*** Opening of PROVIDED ENTRIES ***
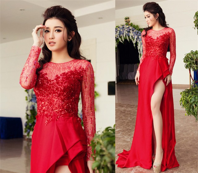 ... và cả Á hậu Huyền My. Có thể nhận xét rằng với chiếc đầm đỏ xuyên thấu này, ai cũng trở nên vô cùng rạng ngời và xinh đẹp.
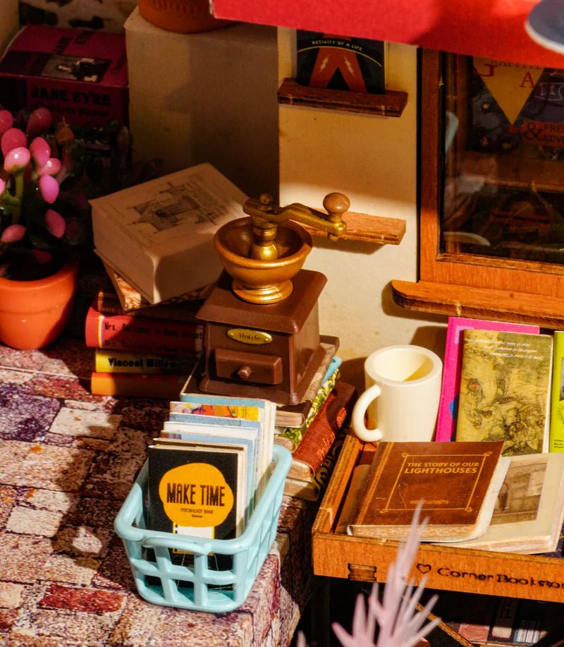 Rolife Corner Bookstore – 3D Holz-Miniatur-Buchladen mit LED-Licht & Retro-Deko
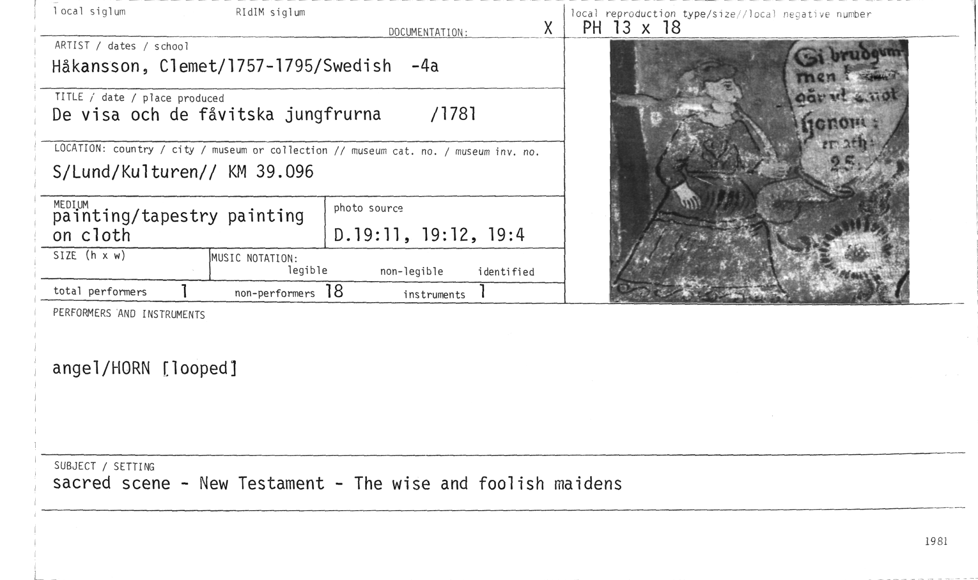 //// angel/HORN (looped] //// SUBJECT / SETTING //// sacred scene - New Testament - The wise and foolish maidens //// photo source //// D.19:11, 19:12, 19:4 //// MEDIUM //// painting/tapestry painting on cloth //// iocal siglum //// RIdIM siglum //// DOCUMENTATION• //// local reproduction type/size//local negative number //// PH 13 x 18 //// ARTIST / dates / school //// Håkansson, Clemet/1757-1795/Swedish -4a //// TITLE / date / place produced //// De visa och de fåvitska jungfrurna /1781 //// LOCATION: country / city / museum or collection // museum cat. no. / museum inv. no. //// S/Lund/Kulturen// KM 39.096 //// SIZE (h x w) //// MUSIC NOTATION: //// legible //// non-legible identified //// total performers 1 non-performers 18 instruments //// PERFORMERS 'AND INSTRUMENTS //// 1981 ////
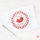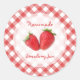 Customizable retro stickers for homemade strawberry jam, jelly or preserves jars with fresh blueberries on red and white gingham tablecloth pattern.
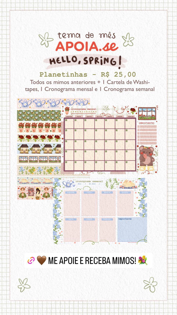 - 3 Cartelas de adesivos funcionais (dias da semana, meses, habit tracker, listinha, símbolos e números)
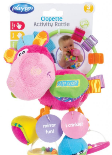 此次召回產(chǎn)品為Playgro的Clip Clop撥浪鼓玩具。產(chǎn)品為藍(lán)色毛絨小馬造型,四條腿中2條作為撥浪鼓、1條腿上有鏡子,馬背上有算盤(pán)和3顆珠子。側(cè)面標(biāo)簽上印有“Clip Clop”;縫合處的標(biāo)簽上印有批號(hào)010053、010082;產(chǎn)品包裝上印有UPC 9321104011459。
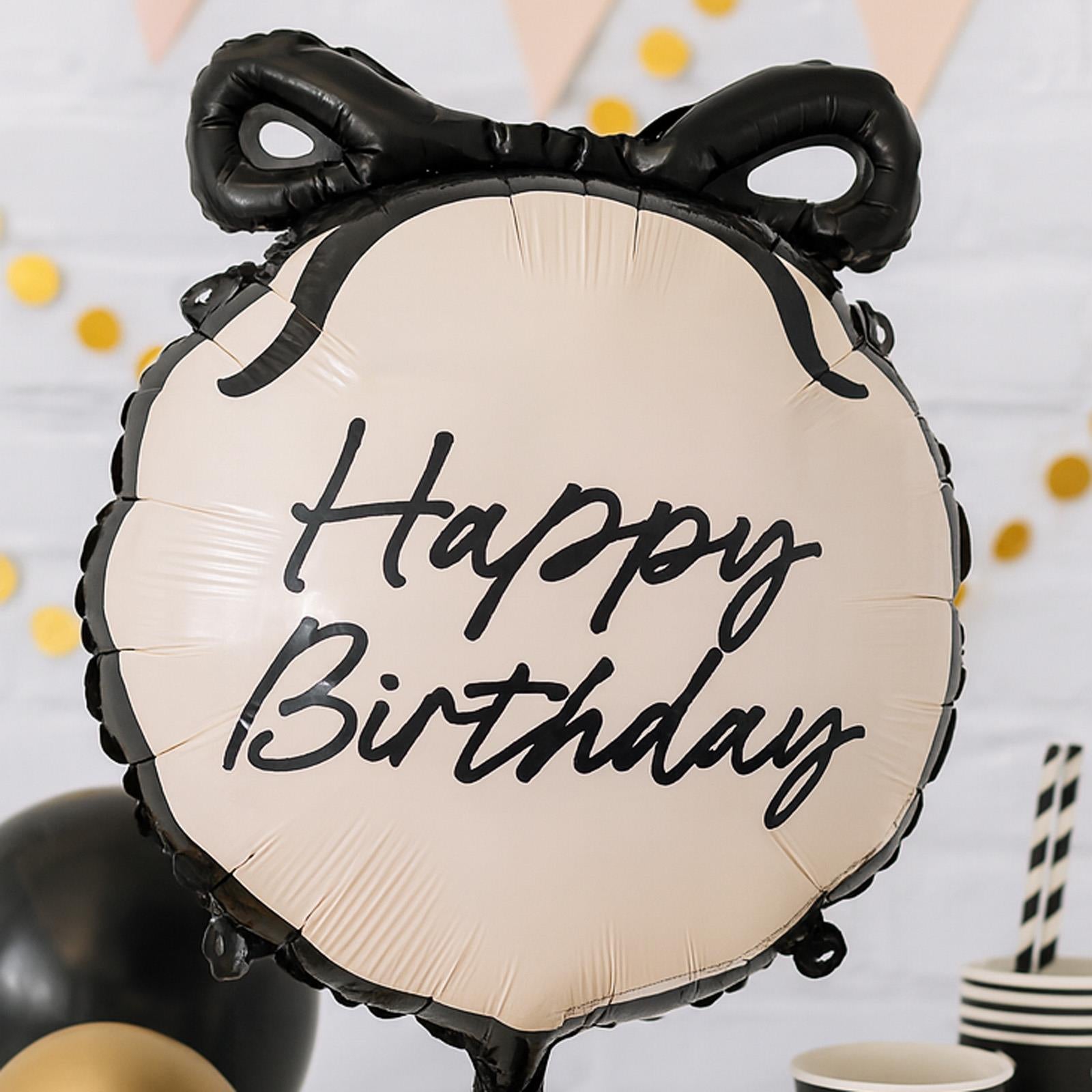 Make every birthday celebration feel extra special with this elegant cream and black Happy Birthday foil balloon. Designed in a classic round shape, it’s a versatile decoration that works beautifully across both fun children’s parties and more refined adult gatherings.
*** Close of PROVIDED ENTRIES ***
Return the listing verbatim; pictures are not part of the copy.

 ... và cả Á hậu Huyền My. Có thể nhận xét rằng với chiếc đầm đỏ xuyên thấu này, ai cũng trở nên vô cùng rạng ngời và xinh đẹp.
 Rolife Corner Bookstore – 3D Holz-Miniatur-Buchladen mit LED-Licht & Retro-Deko
 //// angel/HORN (looped] //// SUBJECT / SETTING //// sacred scene - New Testament - The wise and foolish maidens //// photo source //// D.19:11, 19:12, 19:4 //// MEDIUM //// painting/tapestry painting on cloth //// iocal siglum //// RIdIM siglum //// DOCUMENTATION• //// local reproduction type/size//local negative number //// PH 13 x 18 //// ARTIST / dates / school //// Håkansson, Clemet/1757-1795/Swedish -4a //// TITLE / date / place produced //// De visa och de fåvitska jungfrurna /1781 //// LOCATION: country / city / museum or collection // museum cat. no. / museum inv. no. //// S/Lund/Kulturen// KM 39.096 //// SIZE (h x w) //// MUSIC NOTATION: //// legible //// non-legible identified //// total performers 1 non-performers 18 instruments //// PERFORMERS 'AND INSTRUMENTS //// 1981 ////
 Customizable retro stickers for homemade strawberry jam, jelly or preserves jars with fresh blueberries on red and white gingham tablecloth pattern.
 - 3 Cartelas de adesivos funcionais (dias da semana, meses, habit tracker, listinha, símbolos e números)
 此次召回產(chǎn)品為Playgro的Clip Clop撥浪鼓玩具。產(chǎn)品為藍(lán)色毛絨小馬造型,四條腿中2條作為撥浪鼓、1條腿上有鏡子,馬背上有算盤(pán)和3顆珠子。側(cè)面標(biāo)簽上印有“Clip Clop”;縫合處的標(biāo)簽上印有批號(hào)010053、010082;產(chǎn)品包裝上印有UPC 9321104011459。
 Make every birthday celebration feel extra special with this elegant cream and black Happy Birthday foil balloon. Designed in a classic round shape, it’s a versatile decoration that works beautifully across both fun children’s parties and more refined adult gatherings.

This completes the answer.